Wei Dai Nov 15, 2011, 10:08 PM
39 points
What I’m afraid of is that a design will be shown to be safe, and then it turns out that the proof is wrong, or the formalization of the notion of “safety” used by the proof is wrong. This kind of thing happens a lot in cryptography, if you replace “safety” with “security”. These mistakes are still occurring today, even after decades of research into how to do such proofs and what the relevant formalizations are. From where I’m sitting, proving an AGI design Friendly seems even more difficult and error-prone than proving a crypto scheme secure, probably by a large margin, and there is no decades of time to refine the proof techniques and formalizations. There’s good recent review of the history of provable security, titled Provable Security in the Real World, which might help you understand where I’m coming from.
What links here?
- cousin_it Nov 16, 2011, 2:23 PM
  12 points
  Parent
  Your comment has finally convinced me to study some practical crypto because it seems to have fruitful analogies to FAI. It’s especially awesome that one of the references in the linked article is “An Attack Against SSH2 Protocol” by W. Dai.

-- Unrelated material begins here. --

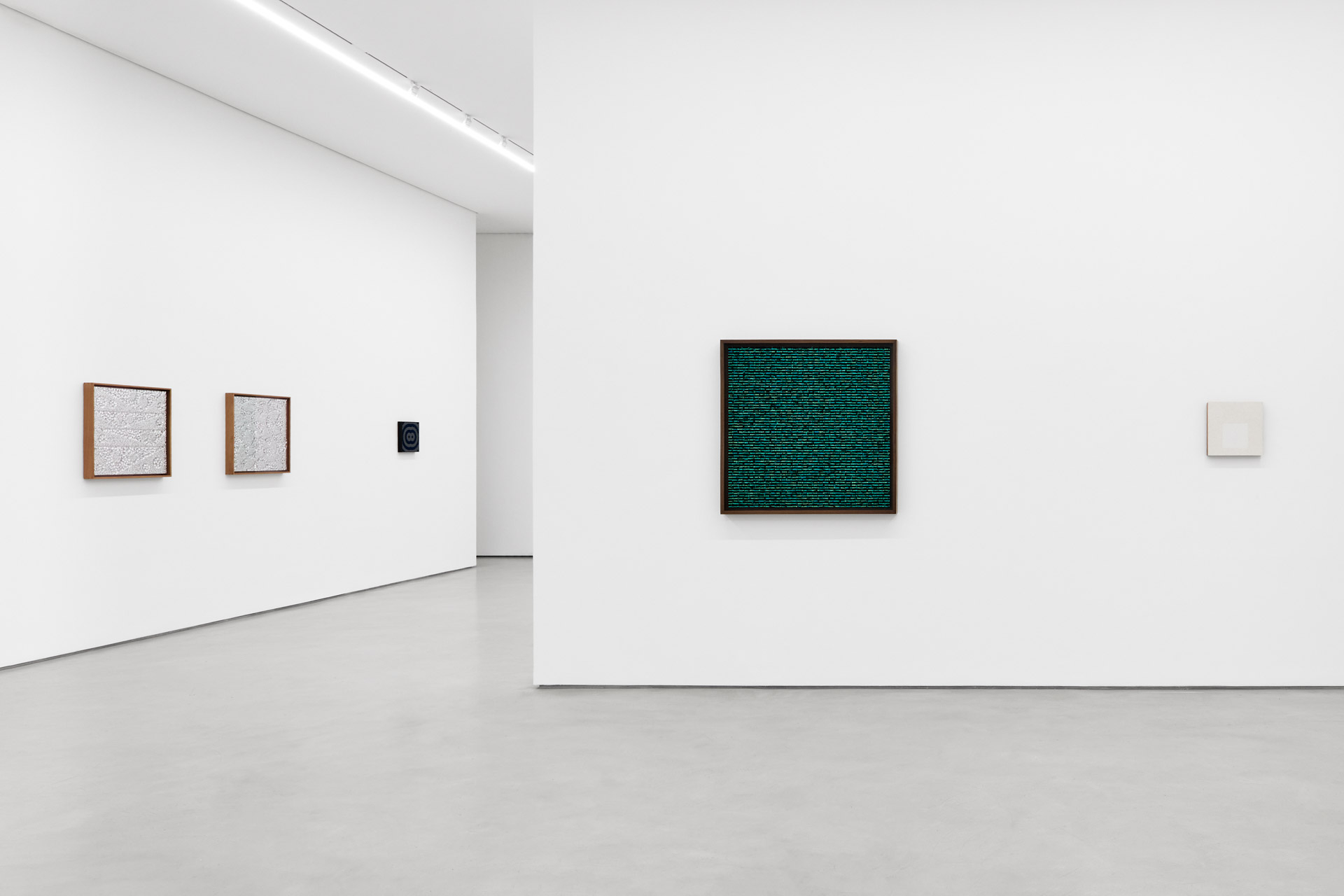Por fim, mas não menos importante, há os trabalhos usando rocha obsidiana, um material que resulta do resfriamento rápido de magma vulcânico – também aqui a natureza agindo como co-autora. Essas obras demandam um cuidado técnico especialmente caro a de la Mora. Finas lascas da pedra são quebradas e polidas ou esmerilhadas, levando a texturas opacas ou reflexivas, e suas combinações na superfície dos trabalhos criam áreas de profundidade e volume. Mas há também um aspecto místico nestas obras. O uso da obsidiana é marcado pela carga simbólica associada à rocha vulcânica – há quem diga que ela repele a negatividade, enquanto outros a consideram a pedra da justiça, sendo muito usada em meditações ou terapias alternativas. O mineral é bastante comum no México, onde seu uso (ritualístico, como material de troca, e até como ferramenta e arma) data de 600 d.C. Toda essa bagagem histórica e alegórica é reverberada na adoção deste elemento recentemente adicionado ao rol de materiais que são apropriados pelo artista em sua prática incansável de repetir para fazer diferente.
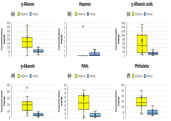 Box plots of the concentrations of (a) n-alkanes, (b) hopanes, (c) n-alkanoic acids, (d) n-alkanols, (e) PAHs, and (f) phthalates in sediments from the Al-Qahma and Al-Wajh lagoons, Saudi Arabia.

  - gwern Nov 17, 2011, 1:24 AM
    8 points
    Parent
    More than fruitful analogies, I’d say: http://lesswrong.com/lw/3cz/cryptographic_boxes_for_unfriendly_ai/
- John_Maxwell Mar 23, 2012, 6:51 AM
  4 points
  Parent
  
  From where I’m sitting, proving an AGI design Friendly seems even more difficult and error-prone than proving a crypto scheme secure, probably by a large margin, and there is no decades of time to refine the proof techniques and formalizations.
  
  Correct me if I’m wrong, but it doesn’t seem as though “proofs” of algorithm correctness fail as frequently as “proofs” of cryptosystem unbreakableness.
  
  Where does your intuition that friendliness proofs are on the order of reliability of cryptosystem proofs come from?
  - Wei Dai Mar 23, 2012, 7:07 AM
    13 points
    Parent
    Interesting question. I guess proofs of algorithm correctness fail less often because:
    
    It’s easier to empirically test algorithms to weed out the incorrect ones, so there are fewer efforts to prove conjectures of correctness that are actually false.
    It’s easier to formalize what it means for an algorithm to be correct than for a cryptosystem to be secure.
    
    In both respects, proving Friendliness seems even worse than proving security.
- CarlShulman Nov 15, 2011, 10:25 PM
  0 points
  Parent
  
  What I’m afraid of is that a design will be shown to be safe, and then it turns out that the proof is wrong, or that the formalization of the notion of “safety” used by the proof is wrong.
  
  Thanks for clarifying.
  
  This kind of thing happens a lot in cryptography,
  
  I agree.